No. of lines in distributed program, including test data, etc.: 6722

No. of bytes in distributed program, including test data, etc.: 310 210

Distribution format: tar.gz

Programming language: Fortran 90

Computer: Linux systems

Operating system: Linux

RAM: bytes

Classification: 4.7

Nature of problem: Compute the regular and irregular associated Legendre functions for integer values of the degree and order and for all real arguments. The computation of the interaction of two electrons, 1/r₁−r₂, in prolate spheroidal coordinates is used as one example where these functions are required for all values of the argument and we are able to easily compare the series expansion in associated Legendre functions and the exact value.

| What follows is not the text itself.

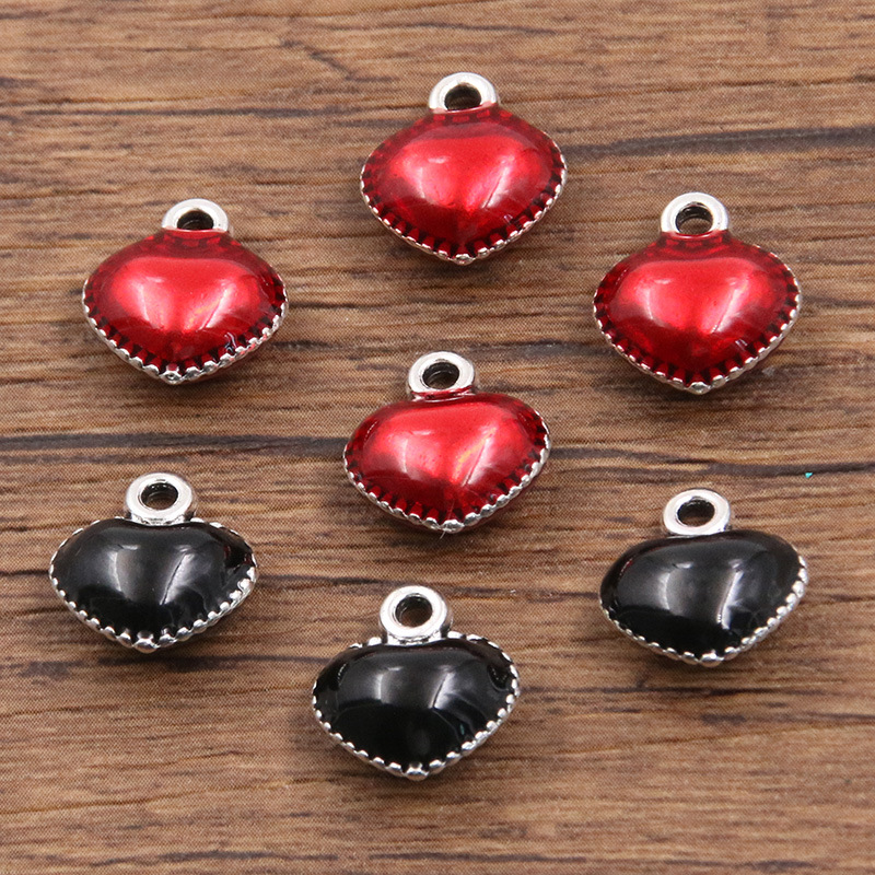 Ciondoli di smalto di lega di zinco, lega in zinco, Cuore, placcato, DIY, nessuno, assenza di nichel,piombo&cadmio, 11x13mm, 100PC/borsa, Venduto da borsa

Solution method: The code evaluates the regular and irregular associated Legendre functions using forward recursion when x<1 starting the recursion with the analytically known values of the first two members of the sequence. For values of the argument x<1, the upward recursion over the degree for the regular functions is numerically stable. For the irregular functions, backward recursion must be applied and a suitable method of starting the recursion is required. The program has two options; a modified version of Miller's algorithm and the use of the Wronskian relation between the regular and irregular functions, which was the method considered in [1]. Both approaches require the computation of a continued fraction to begin the recursion. The Wronskian method (which can also be described as a modified Miller's method) is a convenient method of computations when both the regular and irregular functions are needed.

Running time: The example tests provided take a few seconds to run.

References:

[1] A. Gil, J. Segura, A code to evaluate prolate and oblate spheroidal harmonics, Comput. Phys. Commun. 108 (1998) 267–278.